Stored records

******************************

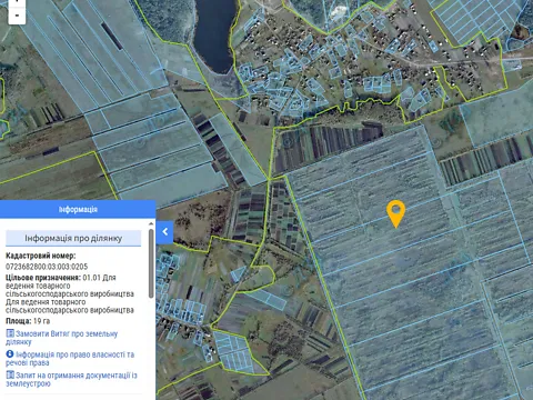 Продаж права оренди земельної ділянки сільськогосподарського призначення, площею 19.0000 га, кадастровий номер 0723682800:03:003:0205 , яка розташована на території Прилісненської сільської ради, Камінь-Каширського району, Волинської області, категорія земель – землі сільськогосподарського призначення, вид цільового призначення – для ведення товарного сільськогосподарського виробництва .
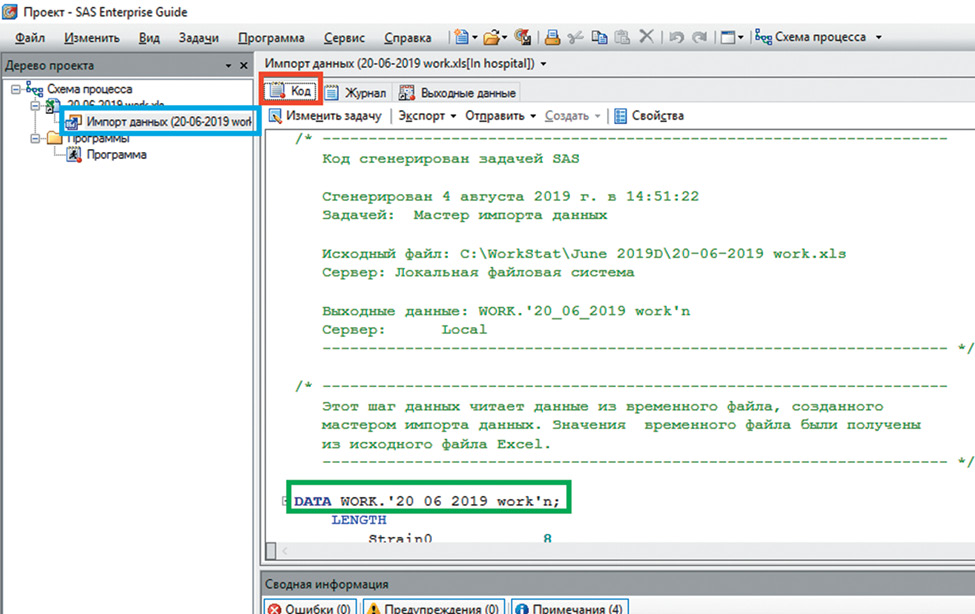 При использовании процедур необходимо указывать название таблицы, с которой работаешь. Чтобы узнать название таблицы, нужно щелкнуть мышью два раза на вкладку «Импорт данных» (голубая рамка), выбрать «Код» (красная рамка), скопировать имя таблицы после слова DATA (зеленая рамка) (рис. 11).
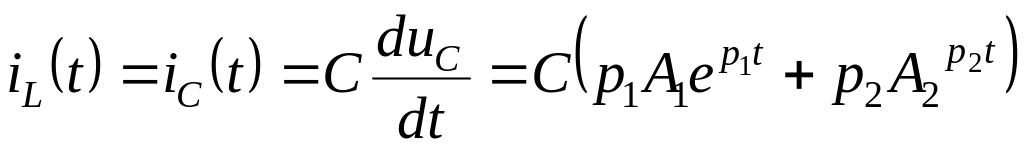 Постоянные интегрирования А1 и А2 находим из начальных условий. Для использования начального условия для индуктивности iL(0)=0 необходимо определить выражение для тока в электрической цепи:
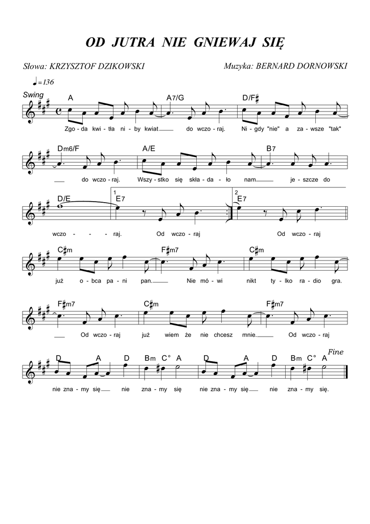 OD JUTRA NIE GNIEWAJ SIĘ Muzyka: BERNARD DORNOWSKI Słowa: KRZYSZTOF DZIKOWSKI Swing Zgo - da kwi - tła ni - by kwiat D m6/F 1 D/E wczo E7 - - - raj. C m już o - bca pa - ni F m7 A nie zna - my się Od pan. już nie Ni - gdy "nie" a skła - da - ło B m C° A się że je - szcze do 2 C m nikt E7 Od wczo - raj ty - lko F m7 mnie. A D nie zna - my się nie nie chcesz D za - wsze "tak" nam Nie mó - wi wiem zna - my B7 wczo - raj F m7 D się C m Od wczo - raj D do wczo - raj. Wszy - stko D/F A/E do wczo - raj. A 7/G A ra - dio gra. Od wczo - raj B m C° A zna - my Fine się.
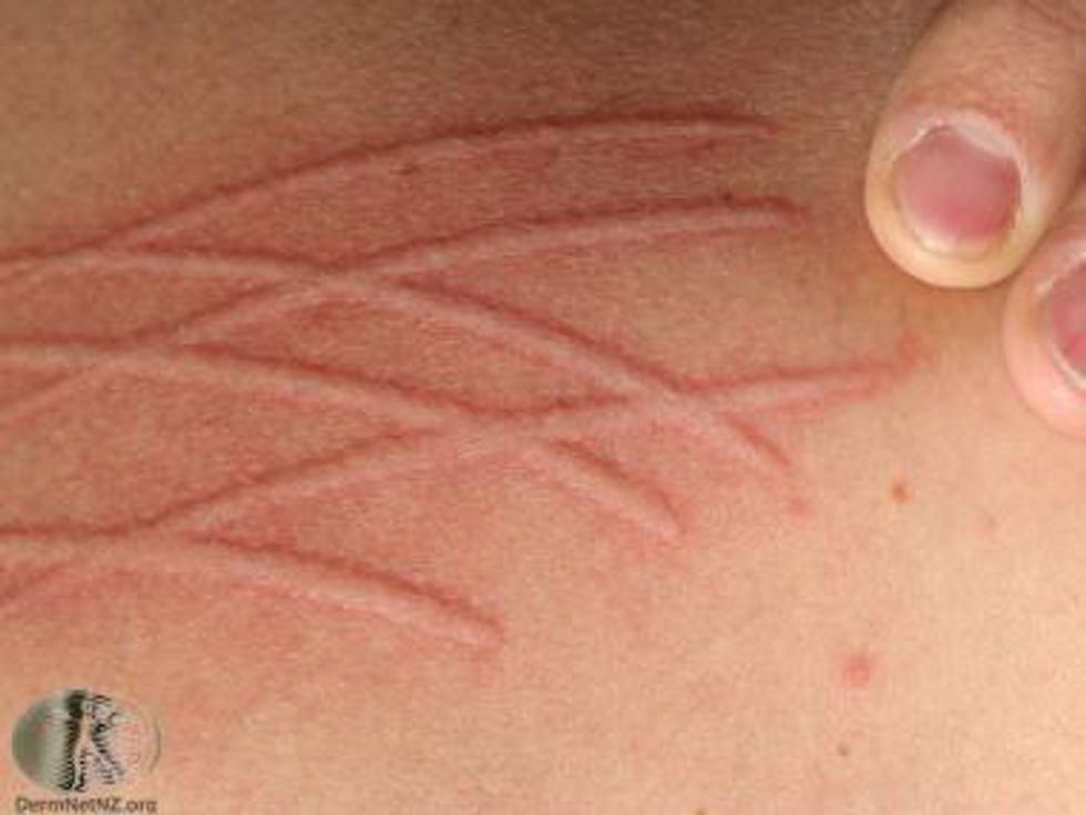 I'm a skin writer! It also known as Dermatographic urticaria if we want to use the scientific term or dermatographia for short. I am among one of the rare people who have this condition since it affects up to 5% of the population. When my skin gets lightly scratched on any part of my body, the scratches redden and become raise kind of like hives. The cause of Dermatographia is unknown unfortunately and can be triggered by infections, other allergies such as in my case, and medications. Symptoms and signs to look for are itching, swelling, hive-like welts can occur anywhere, raised red lines. I've had these pesky, painful scratches turned to welts show up on my arms, behind my knees, and recently on my right lower back/hip. This can last anywhere from a few minutes to several hours and days. Rubbing from clothes or bedsheets can irritate the skin as well. If you need to visit the doctor they will scratch your arm lightly and see if a red swollen line appears within a few seconds to minutes. If it does then the patient has Dermatographia. This happens to me every time I get scratched. The symptoms usually will go away on their own but if it is bothersome then the doctor will prescribe an antihistamine like Benadryl, Allegra, or Zyrtec. To prevent symptoms, refrain from using harsh soaps on the skin, don't wear wool, hot showers can worsen symptoms so take them luke warm, try to avoid scratching though it might be hard it only makes it worse, and keep the skin moisturized with lotion or creams.
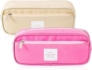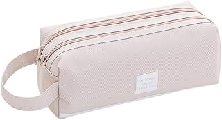 iSuperb Trousse à Crayons Grande Capacité Pencil case Trousse à Maquillage Organisateur Porte-crayons à Stylos Trousse à Maquillage pour Fournitures de Bureau pour le Collège (Beige + Rose)
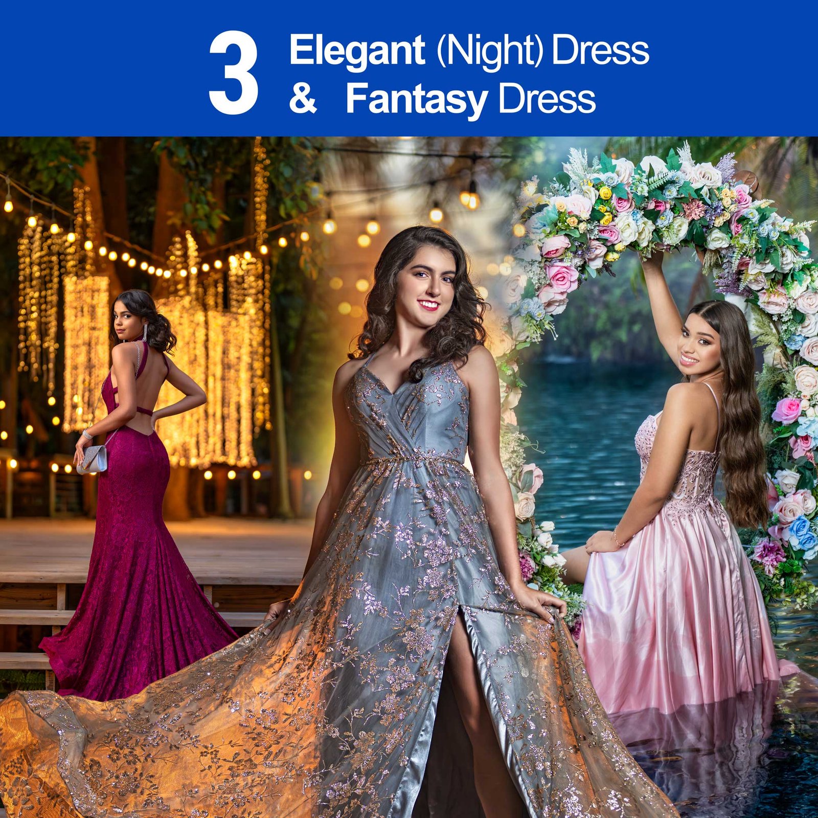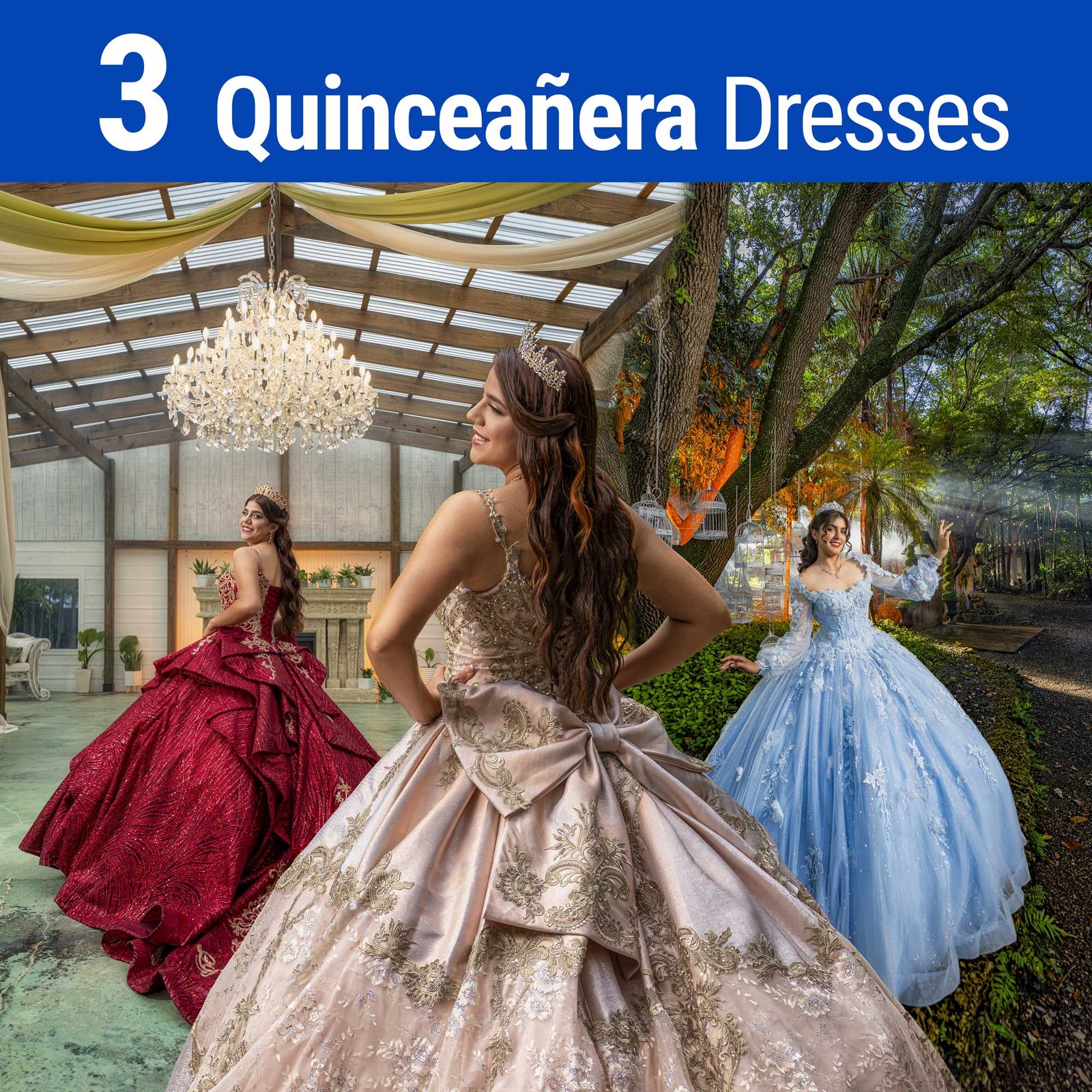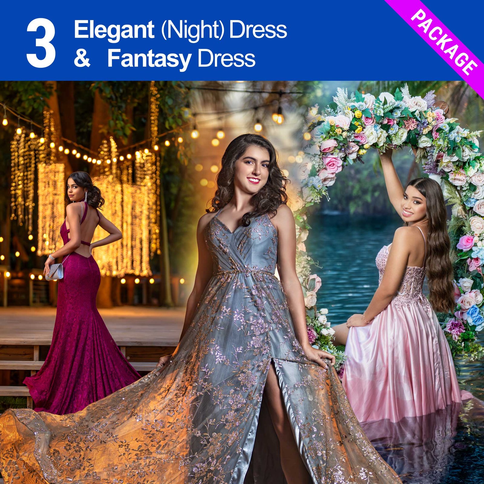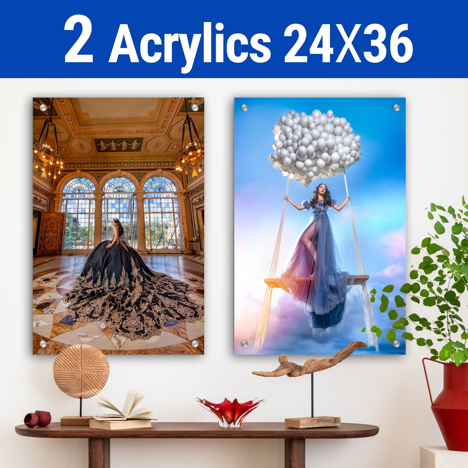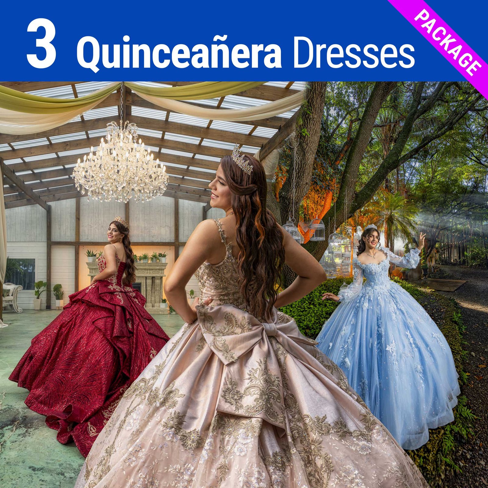 2 Acrylics 24X36 This package includes 3 Quinceañera dresses plus 3 Elegant or Fantasy dresses with accessories. These dresses are provided by our studio. In addition, you may bring up to 4 extra dresses from home.
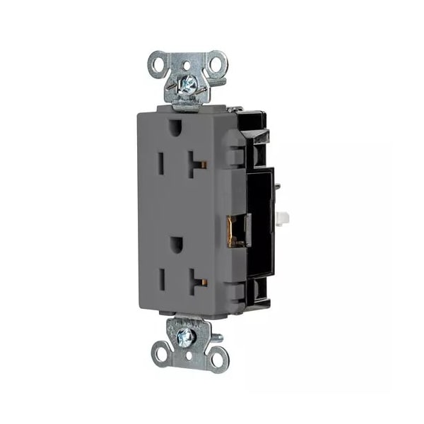 Receptacle, Connection Orientation Straight, Cover Type No Cover, Current Rating 20 A, GFCI No, Grounding Grounded, Hazardous Location Specification Not Applicable, Housing Color Gray, Housing Material Thermoplastic, Mount Type Surface, NEMA Enclosure Rating 1, NEMA Receptacle Configuration 5-20R, Number of Gangs 1, Number of Poles 2, Number of Wires 3, Phase Single, Polarized Yes, Receptacle Type Decorator Duplex, Resistance Properties Tamper Resistant

******************************

__WORK ITEM__. Pictures should be skipped, and the records retyped word for word.

__SOLVED EXERCISE__.
 Продаж права оренди земельної ділянки сільськогосподарського призначення, площею 19.0000 га, кадастровий номер 0723682800:03:003:0205 , яка розташована на території Прилісненської сільської ради, Камінь-Каширського району, Волинської області, категорія земель – землі сільськогосподарського призначення, вид цільового призначення – для ведення товарного сільськогосподарського виробництва .
 При использовании процедур необходимо указывать название таблицы, с которой работаешь. Чтобы узнать название таблицы, нужно щелкнуть мышью два раза на вкладку «Импорт данных» (голубая рамка), выбрать «Код» (красная рамка), скопировать имя таблицы после слова DATA (зеленая рамка) (рис. 11).
 Постоянные интегрирования А1 и А2 находим из начальных условий. Для использования начального условия для индуктивности iL(0)=0 необходимо определить выражение для тока в электрической цепи:
 OD JUTRA NIE GNIEWAJ SIĘ Muzyka: BERNARD DORNOWSKI Słowa: KRZYSZTOF DZIKOWSKI Swing Zgo - da kwi - tła ni - by kwiat D m6/F 1 D/E wczo E7 - - - raj. C m już o - bca pa - ni F m7 A nie zna - my się Od pan. już nie Ni - gdy "nie" a skła - da - ło B m C° A się że je - szcze do 2 C m nikt E7 Od wczo - raj ty - lko F m7 mnie. A D nie zna - my się nie nie chcesz D za - wsze "tak" nam Nie mó - wi wiem zna - my B7 wczo - raj F m7 D się C m Od wczo - raj D do wczo - raj. Wszy - stko D/F A/E do wczo - raj. A 7/G A ra - dio gra. Od wczo - raj B m C° A zna - my Fine się.
 I'm a skin writer! It also known as Dermatographic urticaria if we want to use the scientific term or dermatographia for short. I am among one of the rare people who have this condition since it affects up to 5% of the population. When my skin gets lightly scratched on any part of my body, the scratches redden and become raise kind of like hives. The cause of Dermatographia is unknown unfortunately and can be triggered by infections, other allergies such as in my case, and medications. Symptoms and signs to look for are itching, swelling, hive-like welts can occur anywhere, raised red lines. I've had these pesky, painful scratches turned to welts show up on my arms, behind my knees, and recently on my right lower back/hip. This can last anywhere from a few minutes to several hours and days. Rubbing from clothes or bedsheets can irritate the skin as well. If you need to visit the doctor they will scratch your arm lightly and see if a red swollen line appears within a few seconds to minutes. If it does then the patient has Dermatographia. This happens to me every time I get scratched. The symptoms usually will go away on their own but if it is bothersome then the doctor will prescribe an antihistamine like Benadryl, Allegra, or Zyrtec. To prevent symptoms, refrain from using harsh soaps on the skin, don't wear wool, hot showers can worsen symptoms so take them luke warm, try to avoid scratching though it might be hard it only makes it worse, and keep the skin moisturized with lotion or creams.
 iSuperb Trousse à Crayons Grande Capacité Pencil case Trousse à Maquillage Organisateur Porte-crayons à Stylos Trousse à Maquillage pour Fournitures de Bureau pour le Collège (Beige + Rose)
 2 Acrylics 24X36 This package includes 3 Quinceañera dresses plus 3 Elegant or Fantasy dresses with accessories. These dresses are provided by our studio. In addition, you may bring up to 4 extra dresses from home.
 Receptacle, Connection Orientation Straight, Cover Type No Cover, Current Rating 20 A, GFCI No, Grounding Grounded, Hazardous Location Specification Not Applicable, Housing Color Gray, Housing Material Thermoplastic, Mount Type Surface, NEMA Enclosure Rating 1, NEMA Receptacle Configuration 5-20R, Number of Gangs 1, Number of Poles 2, Number of Wires 3, Phase Single, Polarized Yes, Receptacle Type Decorator Duplex, Resistance Properties Tamper Resistant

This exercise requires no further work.